In each of the above cases, the founding father in question wrote or said the second of the two possibilities. How many did you correctly identify? Did you feel tricked, because each was similar in meaning to the first option? But the other options were not just trick questions to no purpose. Each one of them comes from a current candidate for President — the only one whose positions are anywhere near those of our founders.

Each of the "wrong" choices is from Ron Paul. Each is completely consistent with the views of our founders and hugely different from anyone else running.

So why have most people barely heard of Ron Paul, despite the fact that he has been reelected to the House of Representatives many times, without ever abandoning his principles? Because the media ignores him. That is primarily because he is not near the front of the freebie-promising, money-raising or political-endorsement horse races. But adhering to our founding principles means that he cannot compete in those arenas of clout, bought with the promise of benefits to be extracted at other Americans' expense.
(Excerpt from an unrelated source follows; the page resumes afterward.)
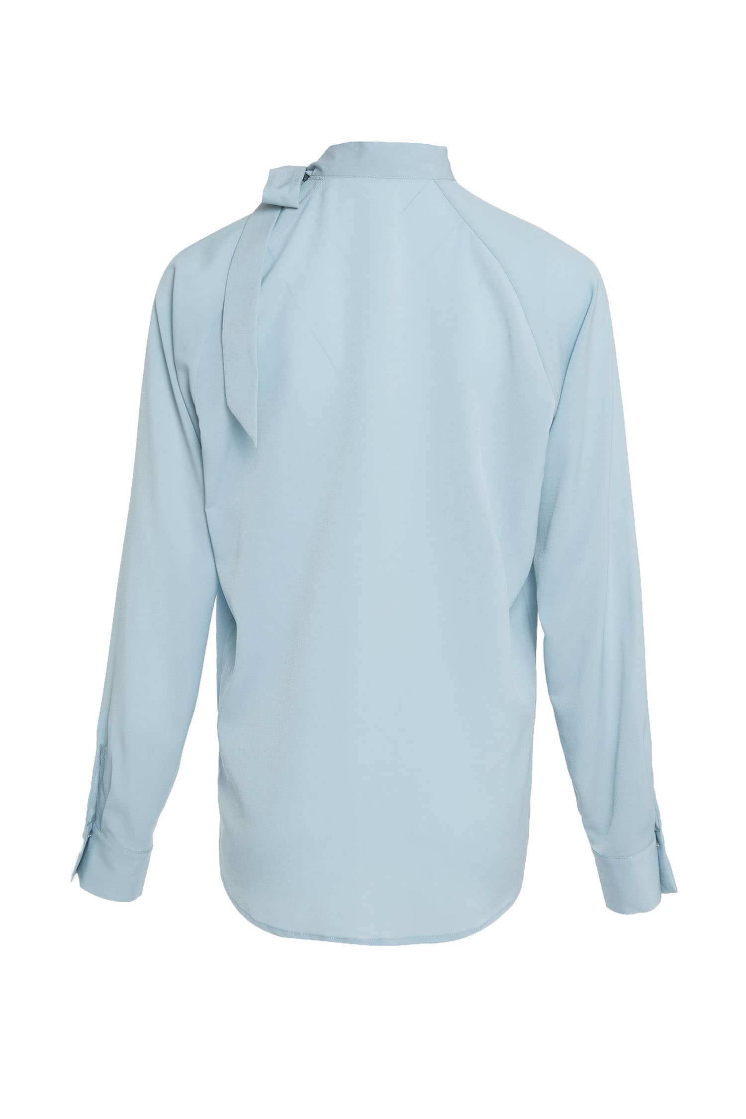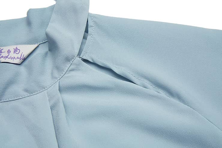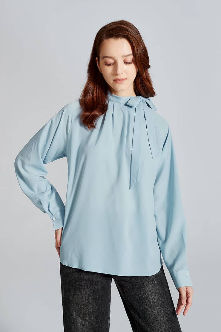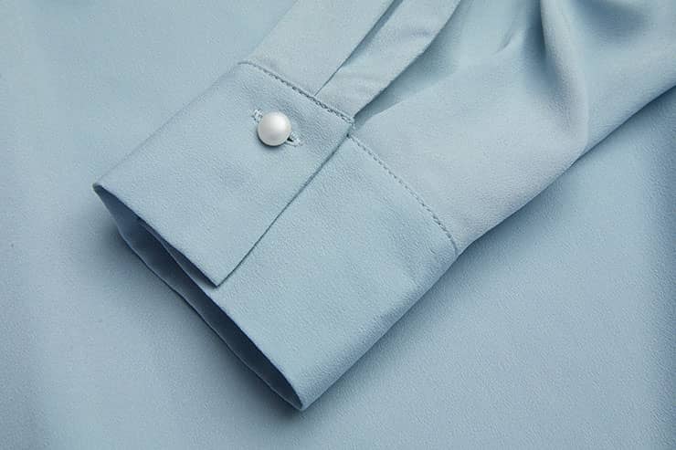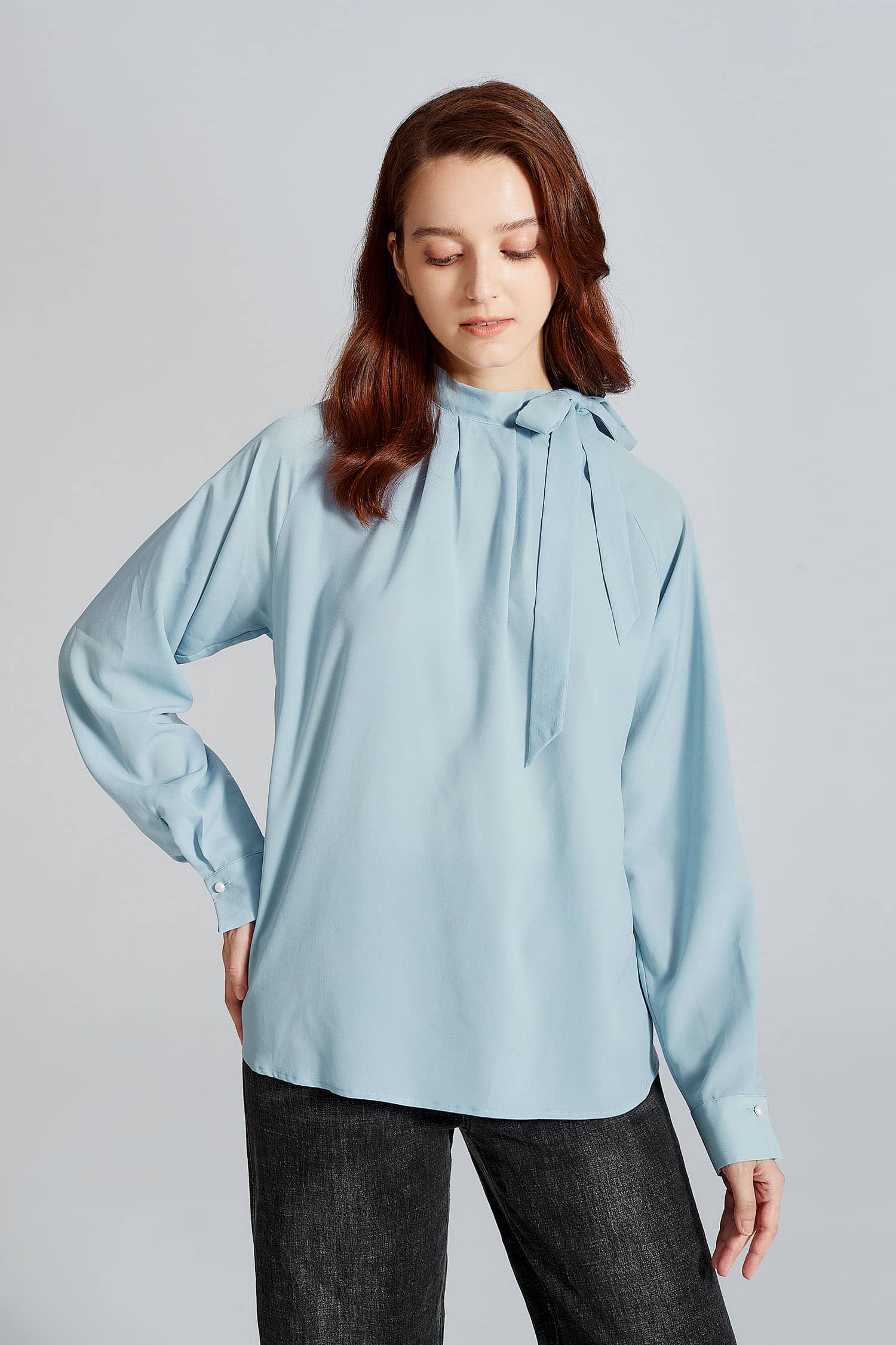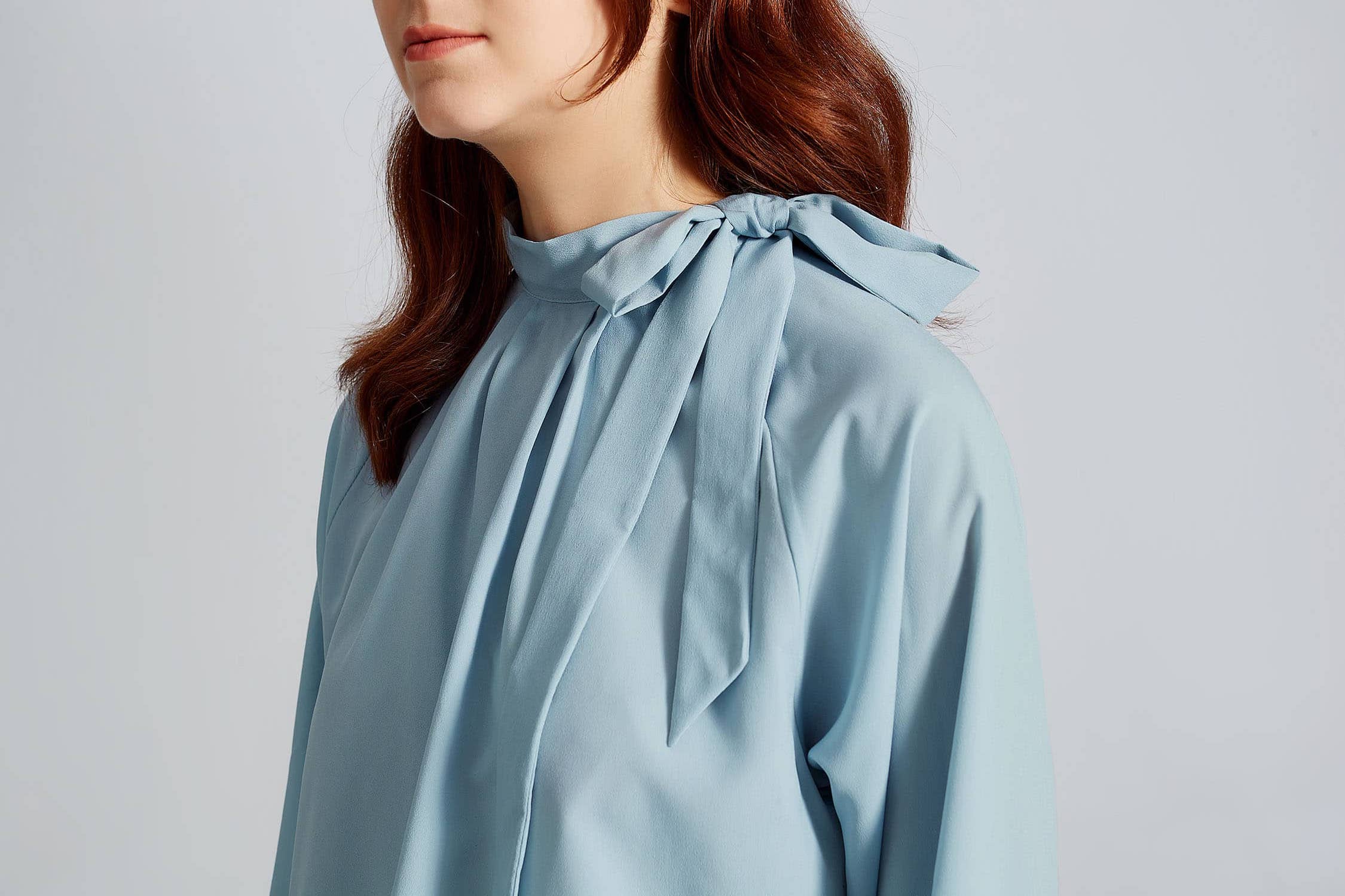 插肩开叉飘带领,侧边蝴蝶结系带,前领口对称双褶裥;插肩衬衫长袖,珍珠扣点缀袖口;前短后长浅弧形下摆,合体插肩长袖飘带领衬衫廓形,浪慢优雅;聚酯纤维面料手感柔和,穿着舒适。

Some in the media also dismiss Dr. Paul as "Dr. No," for his consistent opposition to Congressional acts not warranted in the Constitution, or "extreme," or "not in the mainstream." Of course, who do you know that is even remotely satisfied with the results those in the mainstream are giving us?

More importantly, he is only an extremist in the same way that those who first thought through, sought out and fought for Americans' liberty were extremists. The only real differences are that they began "the land of the free" and he is trying to preserve it; they were establishing precedents of individual rights and liberty never before seen and he is trying to maintain them, as enshrined in our founding documents. He has spent his political career dedicated to protecting citizens' rights from government abuse, carrying out the primary purpose of our Constitution.

Few days pass without several Presidential candidates proposing to buy votes by violating the principles of the Declaration of Independence and the Constitution our founders pledged their lives, their liberties and their sacred honor for. Ron Paul doesn't. That hardly disqualifies him from a job—protecting and defending the Constitution of the United States — only he actually promises to do. After all, if he could not be elected, neither could any of our founding fathers.